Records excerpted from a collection
---------------
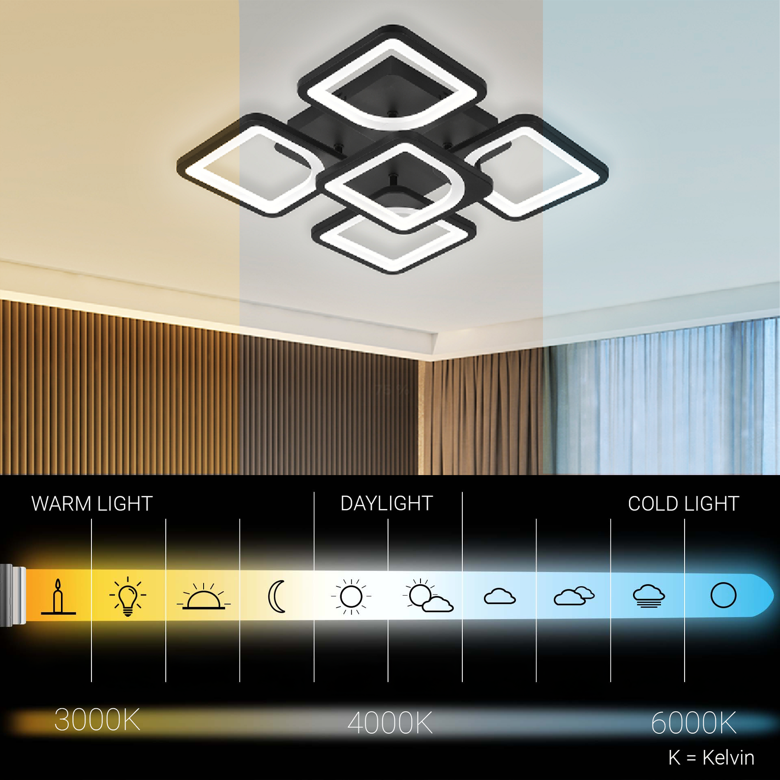 Pięć kwadratów, ułożonych prawdopodobnie w sposób tworzący ciekawą całość wizualną, oświetlonych jest diodami LED z możliwością wyboru temperatury barwowej. Za pomocą pilota możesz wybrać pomiędzy światłem zimnym (dla energetyzującej atmosfery), ciepłym (dla przyjaznej i relaksującej atmosfery) lub neutralnym (dla oświetlenia ogólnego). Funkcja ściemniania pozwala dostosować intensywność światła tak, aby idealnie pasowała do każdej chwili.
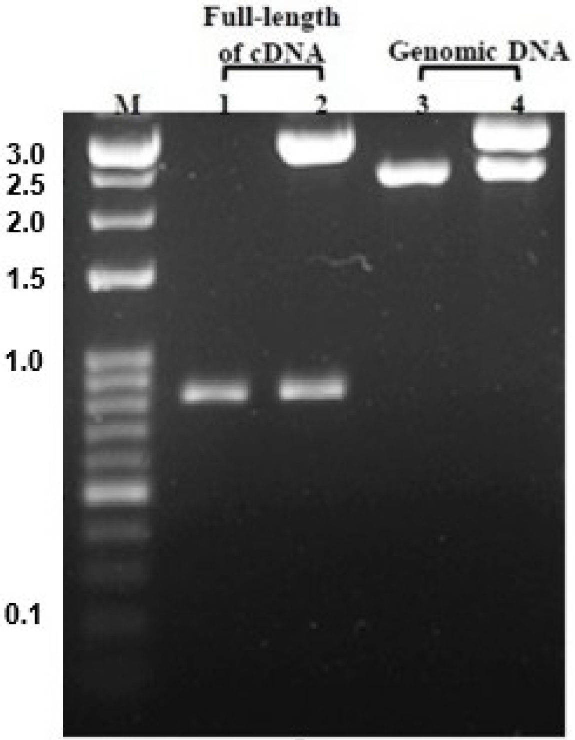 Agarose gel electrophoresis (1.2%) of the pGEM-T/CTRL-1 cDNA and pGEM-T/CTRL-1 genomic DNA after EcoRI digestion. M: 100-bp size marker; lane 1: full-length CTRL-1 cDNA PCR product; lane 2: pGEM-T/CTRL-1 cDNA; lane 3: CTRL-1 genomic DNA PCR product; lane 4: pGEM-T/CTRL-1 genomic DNA.
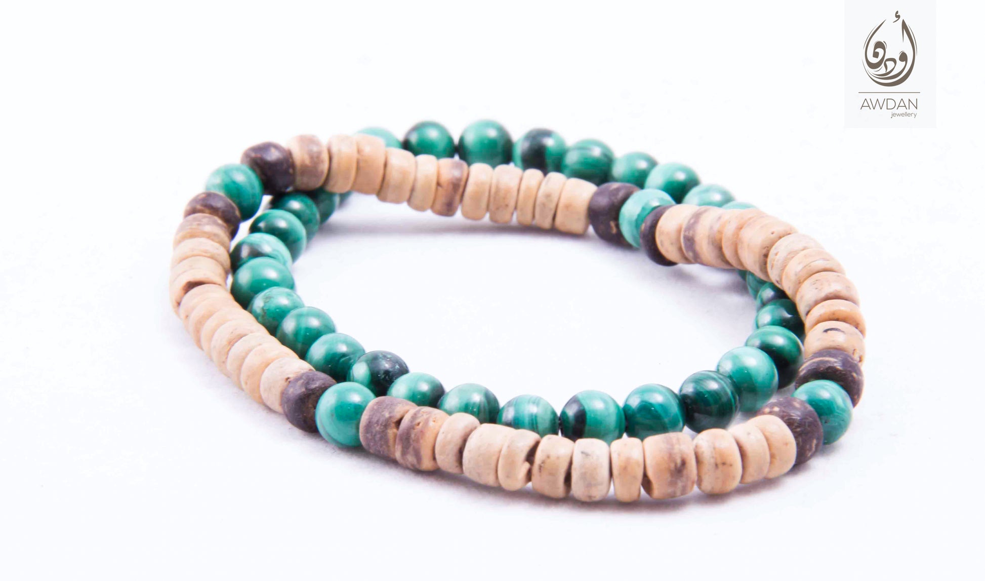This set includes two beaded bracelets—one made entirely of Malachite stone and the other combining wood with Malachite beads. These bracelets offer a natural and stylish look, perfect for adding a subtle touch of color and texture to any outfit.
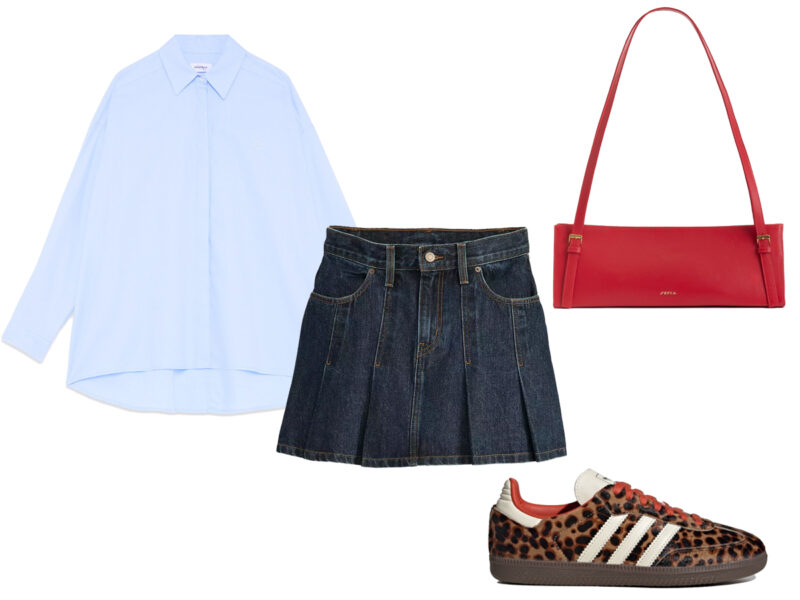Un grande ritorno dalle vibes anni 2000: la minigonna di jeans è la nuova alleata dei look casual-chic. Provala con una camicia azzurra in cotone, sneakers animalier e una borsa rossa a contrasto per dare carattere all’insieme. Perfetta per affrontare la quotidianità con leggerezza (e tanto stile).
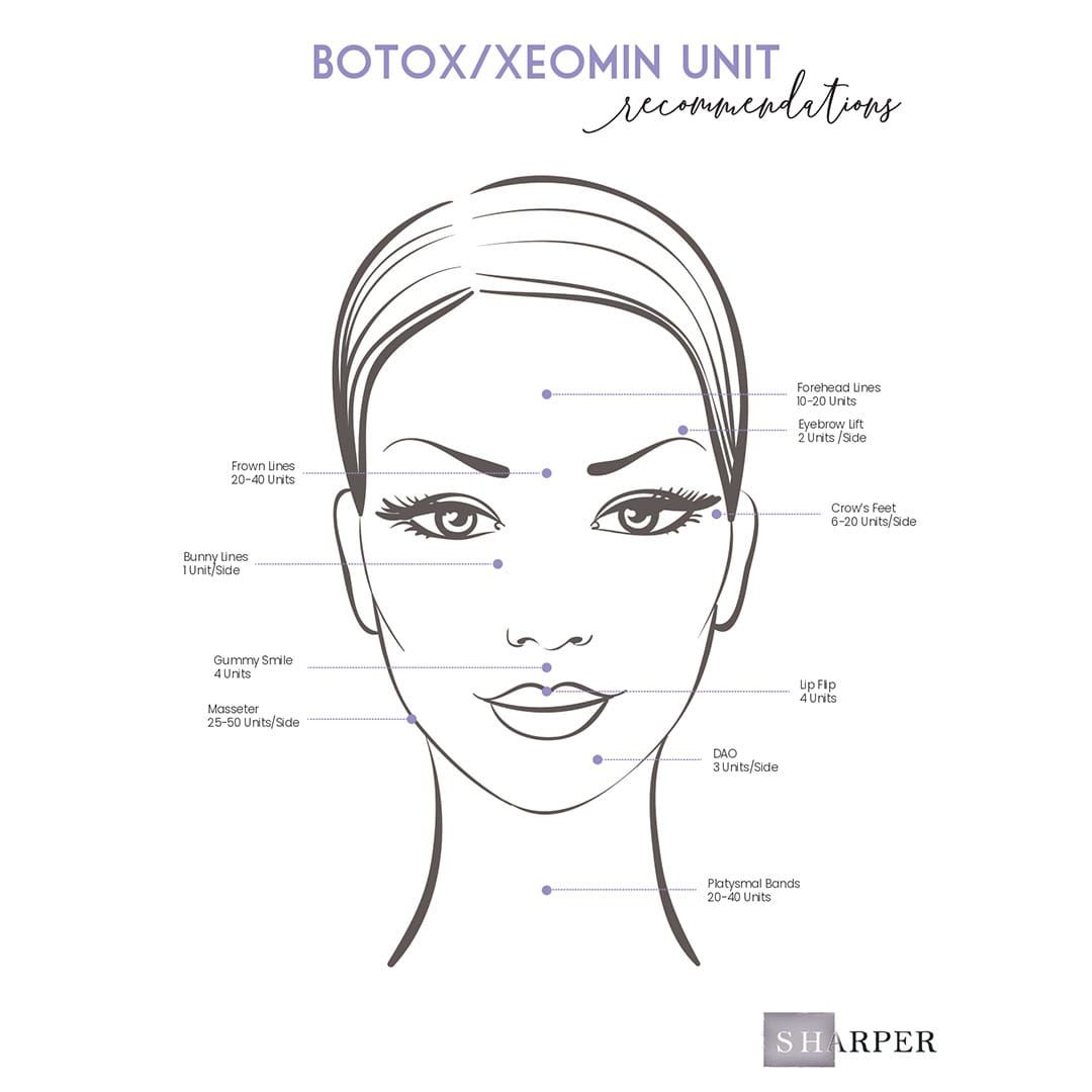 Well, that’s a bit of a puzzle because everyone’s muscles are unique. During a consultation, I’ll ask you to make various facial expressions (yes, we’re talking about frowns and smiles) to determine the right dosage for you. Our aim is to ensure you get the best and longest-lasting results. I’ve also attached a general guide for how many units we use in each area. I want to emphasize that dose equals duration – following your injector’s recommendations is key to achieving results that last for at least 10 weeks.
---------------
• EXERCISE PROMPT: The lines from the start of the records above through the line that holds "Agarose gel electrophoresis" are to be copied exactly, both ends included, and no pictures are to be copied.

• SOLUTION:
 Pięć kwadratów, ułożonych prawdopodobnie w sposób tworzący ciekawą całość wizualną, oświetlonych jest diodami LED z możliwością wyboru temperatury barwowej. Za pomocą pilota możesz wybrać pomiędzy światłem zimnym (dla energetyzującej atmosfery), ciepłym (dla przyjaznej i relaksującej atmosfery) lub neutralnym (dla oświetlenia ogólnego). Funkcja ściemniania pozwala dostosować intensywność światła tak, aby idealnie pasowała do każdej chwili.
 Agarose gel electrophoresis (1.2%) of the pGEM-T/CTRL-1 cDNA and pGEM-T/CTRL-1 genomic DNA after EcoRI digestion. M: 100-bp size marker; lane 1: full-length CTRL-1 cDNA PCR product; lane 2: pGEM-T/CTRL-1 cDNA; lane 3: CTRL-1 genomic DNA PCR product; lane 4: pGEM-T/CTRL-1 genomic DNA.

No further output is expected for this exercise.